The pair were demapped in 1990 when the new Federal Courthouse was to be built there; the discovery of the remains forced the plans to be changed. An outline of Republican Alley’s old route can be seen along the rear wall of the African Burial Ground. Both alleys first appeared about 1795. 1980 photos: Bob Mulero

Why weren’t the remains exhumed earlier, when these buildings went up?

 Fletcher Street

Belgian conference. Both Fletcher and Front Streets are beautifully Belgian blocked in this scene a couple blocks south of the Fulton Market-Pier 17 area. Fletcher Street first appears on maps around 1795 or so. This is a rare NYC street that commemorates a Britisher from the colonial era: Captain Benjamin Fletcher, a British colonial governor from 1689-1691. Fletcher awarded Trinity Church a patent that would permit the church to raise money from the sale of any whales that beached on shore; whales were used heavily in the cosmetics industry before many species became endangered.
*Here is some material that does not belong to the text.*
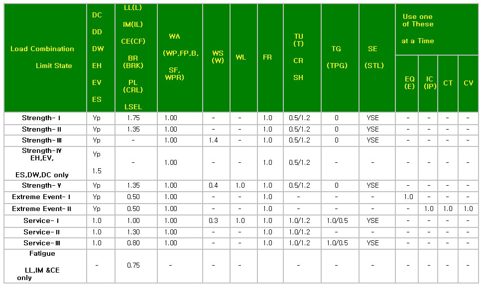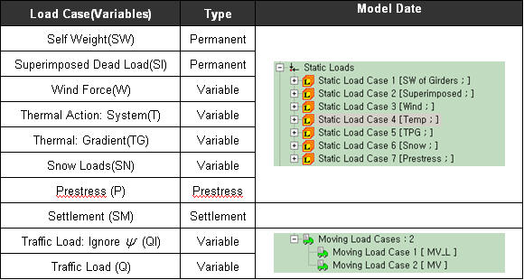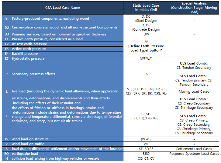 Note 2 Dead Load(D) Dead Load of Component and Attachments(DC) Dead Load of Wearing Surfaces and Utilities(DW) Downdrag(DD) Live Load(L) Trailer or Crawler Induced Live Load(LC) Overload Live Load(LP) / AASHTO Roof Live Load(LR) Wind Load on Structure(W) Earthquake(E) Temperature(T) Snow Load(S) Rain Load(R) Live Load Impact(IL) Overload Live Load Impact(ILP) / AASHTO Earth Pressure(EP) Horizontal Earth Pressure(EH) Vertical Earth Pressure(EV) Live Load Surcharge(LS) Trailer or Crawler Induced Surcharge(LSC) Earth Surcharge Load(ES) Buoyancy(B) Ground Water Pressure(WP) Fluid Pressure(FP) Stream Flow Pressure(SF) Ice Pressure(IP) Wind Load on Live Load(WL) Longitudinal Force from Live Load(BK) Centrifugal Force(CF) Rib Shortening(RS) Shrinkage(SH) Creep(CR) Prestress(PS) Collision Load(CO) Vehicular Collision Force(CT) Vessel Collision Force(CV) Construction Stage Load(CS) Erection Load(ER) Locked in Erection Stresses(EL) Braking Load(BRK) Settlement(STL) Wave Pressure(WPR) Crowd Load(CRL) Temperature Gradient(TPG) Friction(FR) Response Spectrum(ESP) EspX: Response Spectrum EspY: Response Spectrum SFx: Scale up factor of X-Direction SFy: Scale up factor of Y-Direction

If I’m not mistaken, during the 1980s Mets pitcher (and broadcaster in the mid-2000s) Ron Darling owned and operated a restaurant on Fletcher Street, which is rather narrower than its sister streets.

Gold Street

This section of Gold Street, at its beginning at Maiden Lane, isn’t really an alley but is narrow enough to be one. It turns up on maps as early as 1730 when it was called Rutgers Hill, for Tammany politician Henry Rutgers, who had holdings in the region. A further section to the north, from John to Fulton Street, was called Vandercliff Street, with the northern section called Gold Street from Fulton north to Frankfort. At length, by 1789, the entire length became Gold Street. The gentle curve that Rutgers Hill originally followed is still there, as you can see. The entire environs was once known as Golden Hill –the site of a 1770 Revolutionary War battle.